Audio By Carbonatix
The government is set to lose an estimated GH¢200 million in revenue following its decision to reduce fuel prices in a bid to ease the cost of living for Ghanaians.
Spokesperson for the Ministry of Energy, Richmond Rockson, made this revelation during an interview on JoyNews PM Express on Wednesday, April 15, noting that the move comes at a time when global petroleum prices are on the rise.
He explained that the surge in international oil prices, largely influenced by geopolitical tensions in the Middle East, has exerted upward pressure on domestic fuel prices, compelling the government to intervene.

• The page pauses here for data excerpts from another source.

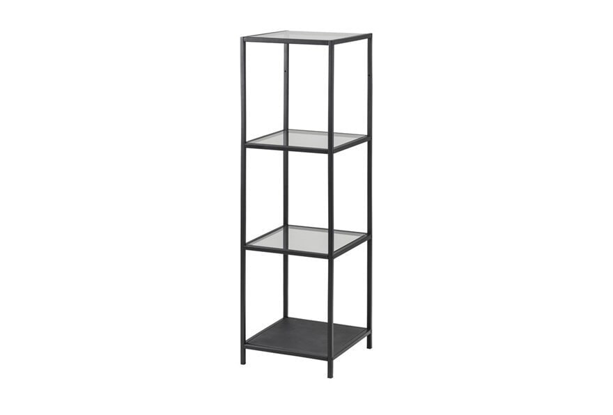 - Materiaal: Mat zwart gepoedercoat metaal met schapjes van veiligheidsglas
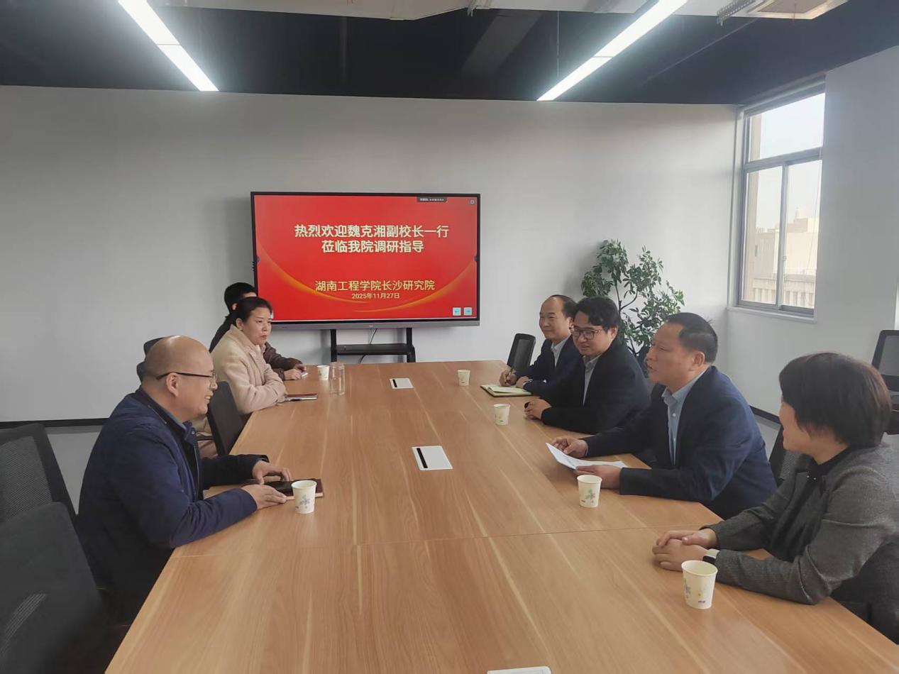 11月27日下午,校党委委员、副校长魏克湘一行到长沙研究院调研指导,聚焦场地规划优化、企业孵化培育、学生实习实践融合等核心工作精准施策,教务处、太阳成集团tyc33455cc相关负责人陪同调研。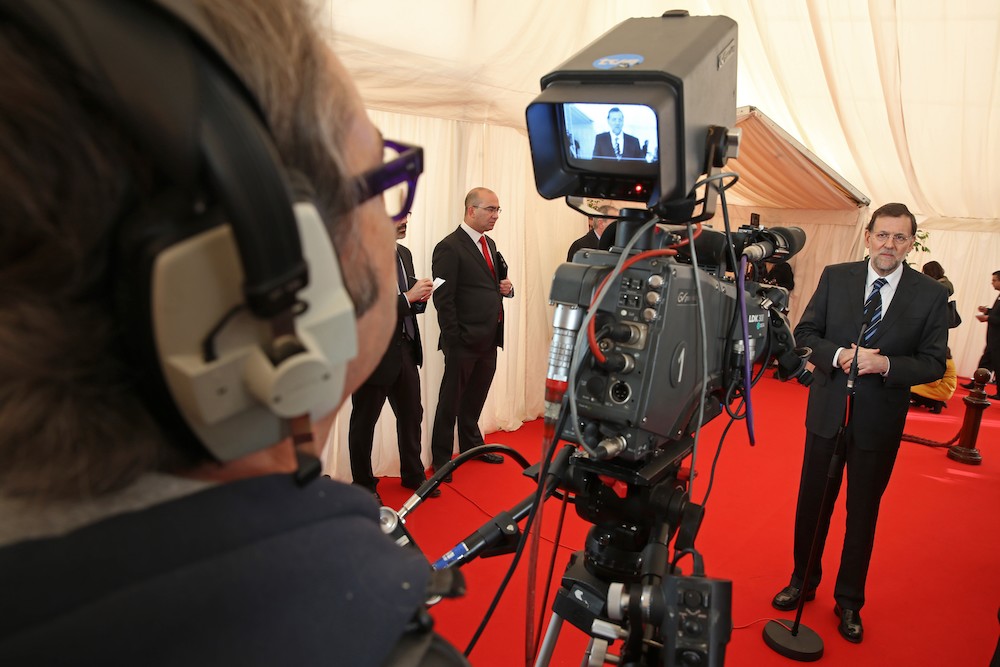 Mariano Rajoy, en el Senado, durante su breve declaración ante los medios de comunicación

According to him, the decision taken by the President and Cabinet underscores a conscious effort to prioritise the welfare of citizens, despite the financial implications for the state.
“This will lead to a net loss of about GH¢200 million that could have accrued to the government, but it is a necessary sacrifice to bring relief to the people of Ghana,” he stated.
Under the intervention, which takes effect from April 16, 2026, the government will absorb GH¢2.00 per litre on diesel and GH¢0.36 per litre on petrol within the next pricing window.
The temporary measure is intended to reduce the burden on households, transport operators and businesses, particularly as fuel prices have been trending upwards in recent weeks.
Approved by Cabinet, the policy will remain in force for one month, during which authorities will monitor developments on the global oil market and assess the need for further action.